After clicking the “CREATE” button, if you get an error message like this:
You should visit the link shown in the message, and enable the Cloud Dataproc API. Then, try to create the cluster again.
If it is successful, you can find a cluster in your Clusters panel.
The status will change from “Provisioning” to “Running” when it is ready.
Run s in Google Dataproc
Upload jar file to Google Cloud Storage
In Lab 6, you have learned how to create a jar file with SBT for your Spark project.

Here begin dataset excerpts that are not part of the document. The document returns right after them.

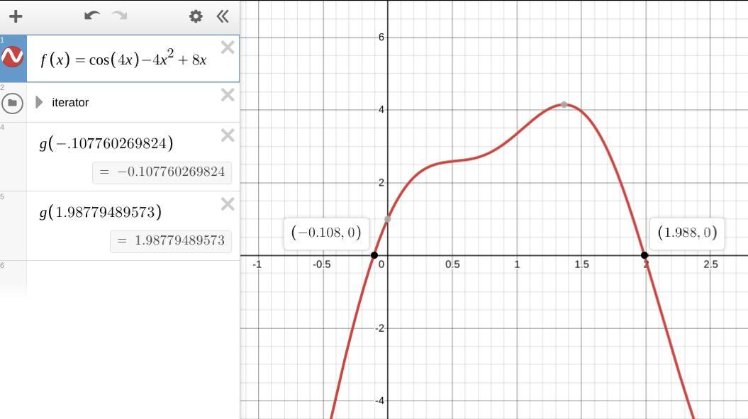 The calculator we used is interactive, so the value of g(x) is found even as you type the argument value x. That makes it possible to achieve full calculator accuracy for the root estimate simply by copying the approximate value into the expression g(x).
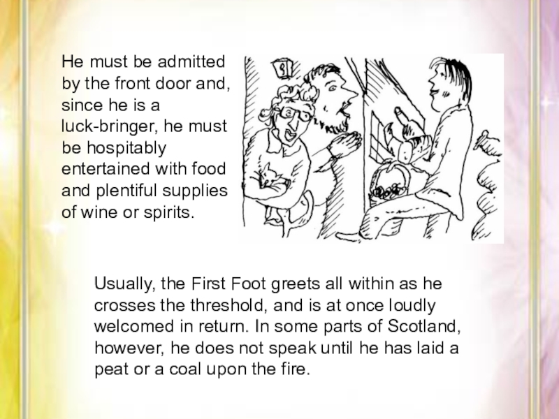 Usually, the First Foot greets all within as he crosses the threshold, and is at once loudly welcomed in return. In some parts of Scotland, however, he does not speak until he has laid a peat or a coal upon the fire.
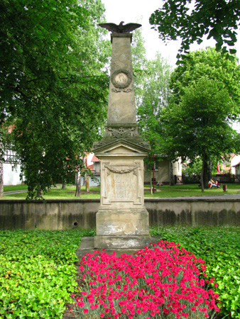 Kriegerdenkmal aus Anlass des Deutsch-Französischen Krieges 1870/71 in den Grünanlagen am Petersbach.
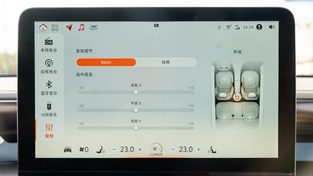 Premium 版车型采用了 13 扬声器的 Beats 音响,比其他版本 5 个扬声器多了不少。实际听感上,毕竟是 Beats 音响,低音部分表现不错。如果不喜欢默认的调音风格,还可以在车机中自行调节 EQ 均衡器,非常自由。
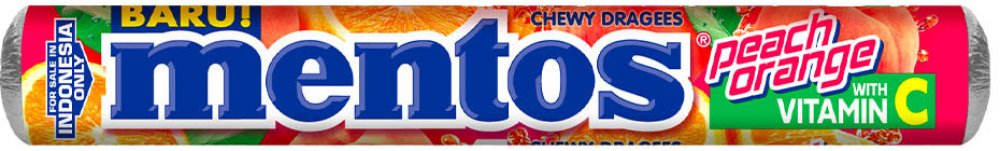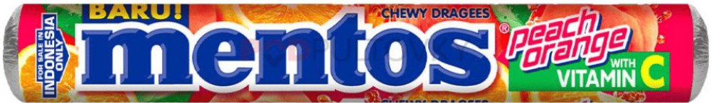 Složení: cukr, glukózový sirup, rostlinný tuk, regulátor kyselosti, rýžová mouka, aroma (syntetické, přírodní), rostlinné zahušťovadlo, vitamin C, ovocný extrakt 0,03 % (broskev, pomeranč), povlaková látka, rostlinný emulgátor (sukrózové estery mastných kyselin), přírodní barviva (beta-karoten z Blakeslea trispora, červená řepa). Obsahuje antioxidant ...

Now you should first upload the jar file to Google Cloud Storage.
• Click the bucket you just created with name comp9313-
• Select “UPLOAD FILES” and upload the word-count_2.12-1.0.jar file on
https://webcms3.cse.unsw.edu.au/COMP9313/21T3/resources/69124
• Click the file, then in the new page find its gsutil URI.
Upload Input File to Google Could Storage
Download the testing input file from: https://webcms3.cse.unsw.edu.au/COMP9313/21T3/resources/69126, and upload it to your bucket as well. After the file is uploaded, check its gsutil URI, which will be used later.
Run Your in Dataproc
• In the navigation menu of Google Cloud Platform, click Dataproc->Jobs. In the new page, click “SUBMIT JOB”.
• Configure your Spark job in the new page. First, select the region as “Australia- southeast1”, the one you used when creating the cluster. Then, the created cluster would be visible to you:
• Next, select the job type, configure the class, the jar file, and the arguments.
o Job type: Spark
o Main class: comp9313.lab8.WordCount
o Jar file: Specify the Cloud Storage URI path to your WordCount jar
(gs://your-bucket-name/word-count_2.12-1.0.jar).
o Archive files: gs://your-bucket-name/input.txt
o Arguments: gs://your-bucket-name/input.txt gs://your-bucket-
name/output
• Click Submit to start the job. You will see the details of the job running.
• Once the job starts, it is added to the Jobs list. The elapsed time of the job is also
displayed to you after the job completes successfully.
• Click the Job ID to open the Jobs page, where you can view the job’s driver output
• You can see your output in your bucket now:
Caution: Do not forget to stop the cluster after you finish all labs (Click “STOP”) and delete all the data in your bucket!!!
You can try submitting your solutions to problems in Labs 6 and 7 to Dataproc and check the running time.
Before submitting a Spark job to Dataproc, you always need to start a cluster first, and remember to stop the cluster when your job completes.